Sean Wright, who was the chief of the game’s crew, Greg Logan from Newsday said: That Durant should have been sent off for throwing the ball hard. During his media availability after the match, Carlisle expressed his disbelief that Durant had not been sent to the locker room.

“I think I saw Kevin Durant end up throwing the ball with his hand up, 10 or 15 rows into the stands and he wasn’t sent off,” Carlisle said. “I think that’s what I saw. And so that was shocking… I’m not going to share the explanation because I just don’t want to embarrass the officials. I don’t want to embarrass the league. These guys are nice guys, they made a big mistake, and the league is going to address that.”

“You don’t want to hear the explanation. At this point, it doesn’t matter because it won’t change the outcome. But it’s an important thing that can’t be missed. That’s it.”

Durant told reporters he was trying to hit the backboard, but knew he shouldn’t have thrown the ball at all.
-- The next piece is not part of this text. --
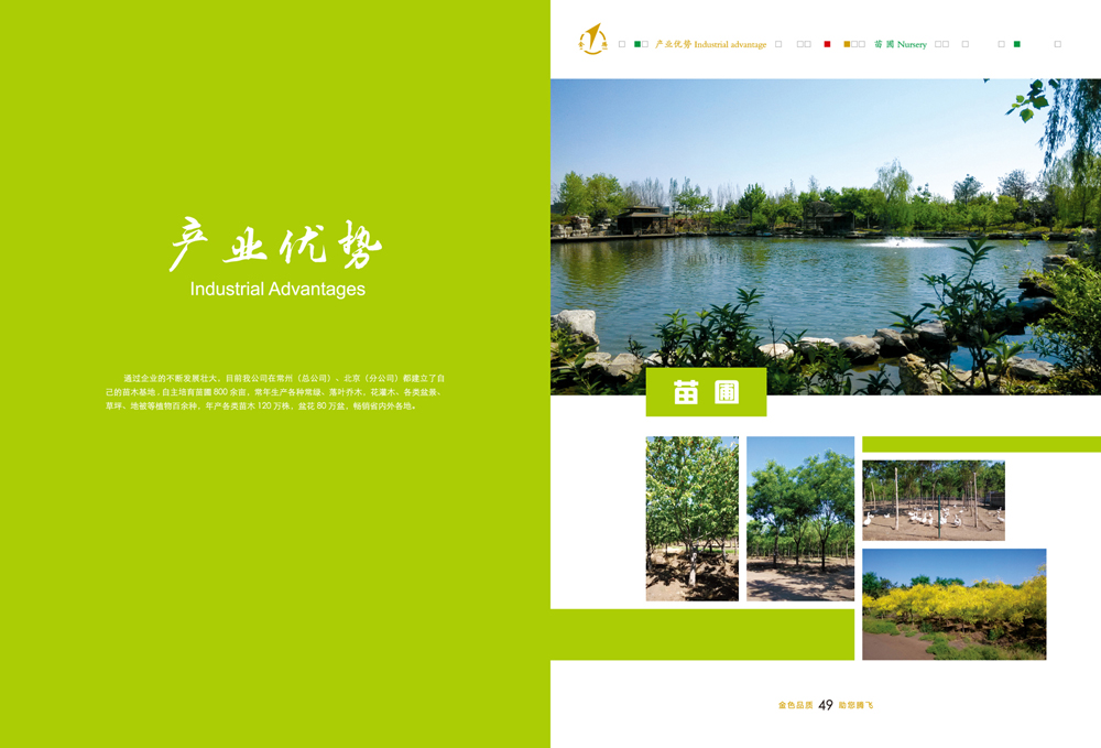 公司以園林綠化工程、市政公用工程、古建筑施工及景觀設(shè)計(jì)為主要業(yè)務(wù)的綜合性公司。并具備園林綠化一級、市政公用二級、鋼結(jié)構(gòu)三級、古建筑三級、房屋建筑工程施工總承包三級和城市及道路照明工程專業(yè)承包三級資質(zhì)企業(yè)。公司組織機(jī)構(gòu)健全、管理制度完善,具備獨(dú)特的經(jīng)營理念和服務(wù)精神。公司技術(shù)力量雄厚,機(jī)械設(shè)備齊全。公司已取得AAA級資信等級、重合同守信用企業(yè),通過ISO9001國際認(rèn)證體系并取得證書。目前我公司自主培育苗圃1000余畝,常年生產(chǎn)各種常綠、落葉喬木,花灌木、各類盆景、草坪、地被等植物百余種,年產(chǎn)各類苗木250萬株,盆花130萬盆,暢銷省內(nèi)外各地。

“I don’t know, man,” Durant said. “I thought I was in the gym by myself for a little game and not an NBA game.” “I can’t do that. I could have paid the game cost for my team. But it won’t happen again. I hope so. … I didn’t know you could be fired for that, but I’m glad I stayed in the game. I’m sure a big fine is coming, But I don’t mind giving. I’m sure someone in the NBA office will use that to fund college, so I don’t mind.”